Depuis un mois, je n’ai qu’une idée en tête: finir Shaolin Lovers à temps pour le concours auquel je le destine. Les jours filent et je doute de ma capacité, je vois déjà les concessions à faire sur ma vision, les rognures sur la version idéalisée du livre.
La vie continue et le livre se glisse dans les interstices que je lui crée, cède face à l’épuisement, à la nécessité de reposer le corps et le cerveau.
J’avance, donc. Je fais le boulot. J’écris, je publie, je vends des histoires. Je consolide mon sentiment de légitimité d’auteur. Il y a ce moment de transition, où mon cœur et mon esprit sont déjà dans ma prochaine étape de vie, celle où les livres sortent et les lecteurs les achètent et où je consacre mon temps à inventer de nouvelles histoires, mais mon compte en banque et mon calendrier sont encore remplis de l’autre système, celui où je donne des cours et où j’aide les autres à réaliser leurs ambitions pendant que je m’occupe des miennes dans mes moments de libre.
Le stress vient de là, de cet écartèlement entre où je suis et où j’étais, où je vais et où je suis. La vie et son mouvement. Prendre le temps de construire, prendre le temps d’apprendre à s’écouter, prendre le temps de construire sa compétence. Je suis dans mon timing, celui que j’avais imaginé à quatorze ans, sous le toit en pente de ma chambre campagnarde.
Il y a cet escalier dans la nuit, qui peut m’amener vers une meilleure version de moi et de ma vie, plus de justesse, d’alignement, d’authenticité. Et en bas, la lumière du connu, du fréquenté, du familier, et de ce qui est facile et qui m’ennuie.

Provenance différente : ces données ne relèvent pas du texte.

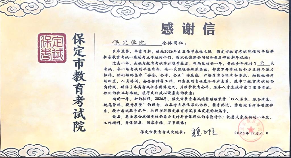 近日,保定市教育考试院发来感谢信,对我校2025年的教育考试工作给予高度肯定。信中强调,保定学院始终坚守安全、公平、公正的底线,严格落实各项考务要求,以高度的责任感和专业素养,确保了各类考试任务圆满完成,为维护教育公平、服务人才选拔作出了重要贡献。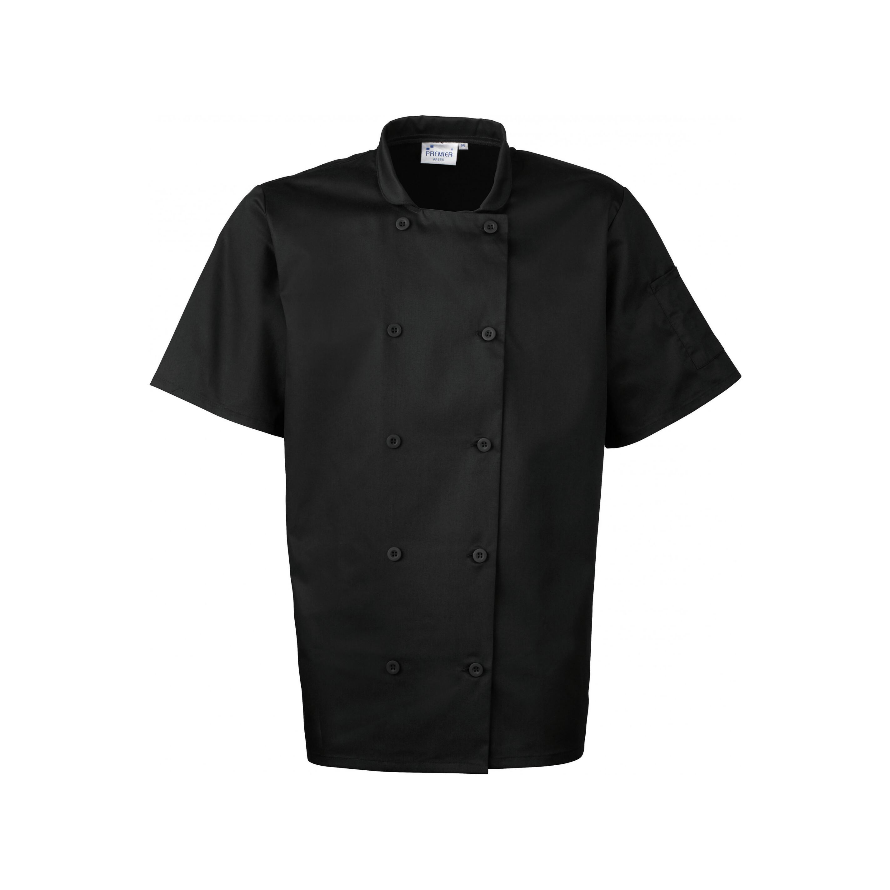 Diese Kochjacke ist für den professionellen Einsatz konzipiert und bietet sowohl Komfort als auch ein klassisches Erscheinungsbild. Sie verfügt über eine zweireihige Vorderseite mit Knopfverschlüssen, die einen traditionellen Kochuniform-Look verleihen. Die kurzen Ärmel sorgen für Bewegungsfreiheit und Atmungsaktivität in einer geschäftigen Küchenumgebung.

Je n’ai pas l’intention de vivre en dépit de moi-même, de m’abandonner, de préférer le confort de l’ennui au bonheur profond de l’écoute de moi, mais le chemin est fatigant. Ce n’est plus de la peur, je connais maintenant, j’ai les ressources, j’ai déjà gravi ces marches plusieurs fois. Avec cette fois peut-être une nuance, celle de ne pas vouloir repartir de zéro, de ne pas pratiquer la politique de la terre brûlée.

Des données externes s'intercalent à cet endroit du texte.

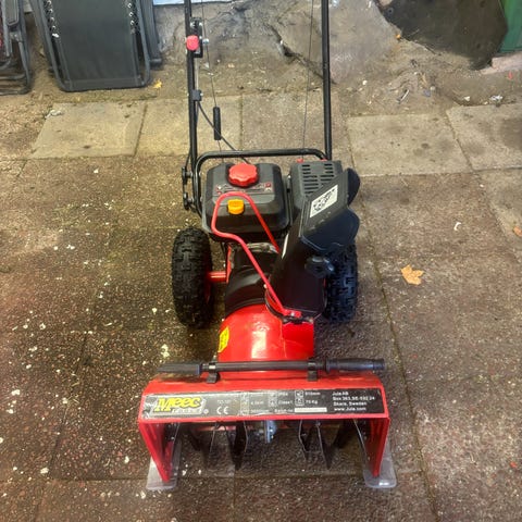 Meec Tools snöslunga i röd färg. Bensindriven modell med hjul och snäckskruv framtill för röjning av snö från uppfarter och gångar. Utrustad med handtag för styrning samt kontrollpanel upptill. Passar för användning vid snöröjning runt bostad, garage och uppfart.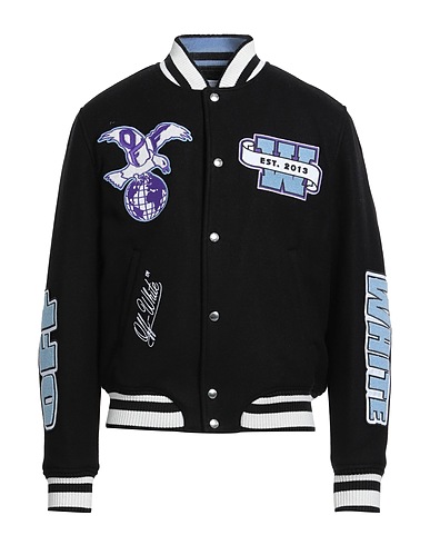 varsity jacket, felt, patches, embroidered logo, knitted trims, plain colour with appliqués, crewneck, long sleeves, fully lined, snap fastenings, welt pockets, dry clean, do not bleach, do not tumble dry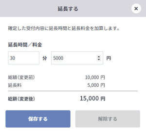 をクリックすると延長時間・料金を追加できる画面が表示されます。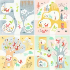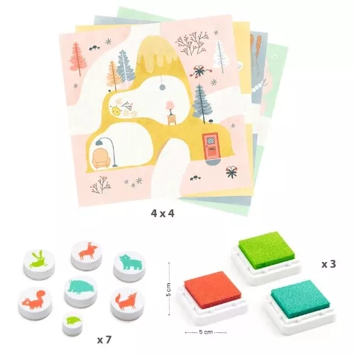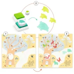 Een stempelset vol vrolijke bosdieren in verschillende landschapjes ‘Out and About’ van het Franse merk Djeco.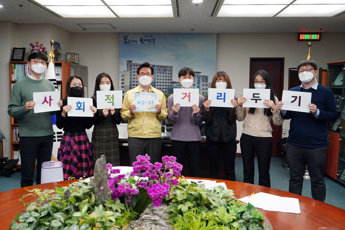 내부적으로도 거리두기에 나섰다. 구는 임신, 육아, 고위험 직원을 대상으로 재택근무를 실시하도록 하고, 대중교통 밀집도 해소를 위해 출근시간도 탄력적으로 운영하고 있다.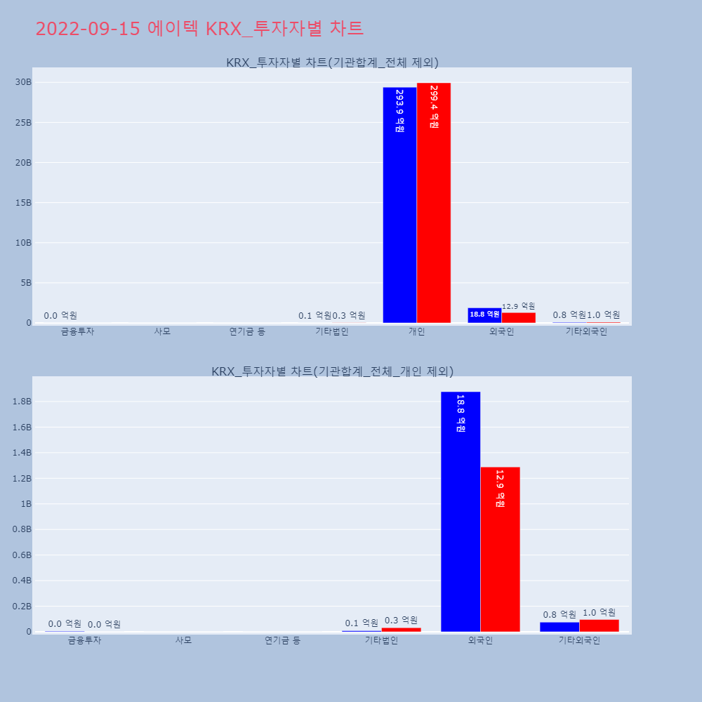 | 투자기관 | 거래량_매도 | 거래량_매수 | 거래량_순매수 | 거래대금_매도 | 거래대금_매수 | 거래대금_순매수 |

J’irais volontiers vivre à Singapour ou à Taïwan, juste pour me libérer du stress, pour me recentrer sur de l’urgent, celui de s’adapter à une autre vie, d’apprendre à communiquer dans une autre langue. Pas comme une fuite mais presque. La distance géographique m’a toujours aidé à prendre aussi du recul émotionnel et psychique avec les événements de ma vie. Mes changements de route se sont accompagnés de changements de lieu. Aligner l’intérieur et l’extérieur.
Mais il y a l’Enfant que je ne veux pas quitter, que je ne veux pas retirer à sa mère, elle qui ne partira pas, elle qui préfère la vie construction à la vie changement. Je suis le chaos, elle est l’ordre. Je suis le brassage et les pages tournées à toute allure. Elle est les fondations et le bâtiment construit pour les décennies.
Alors elle ne partira pas.
Patience, donc. Patience.
C’est un nouveau défi, une nouvelle stimulation : tout réinventer sans tout bouleverser.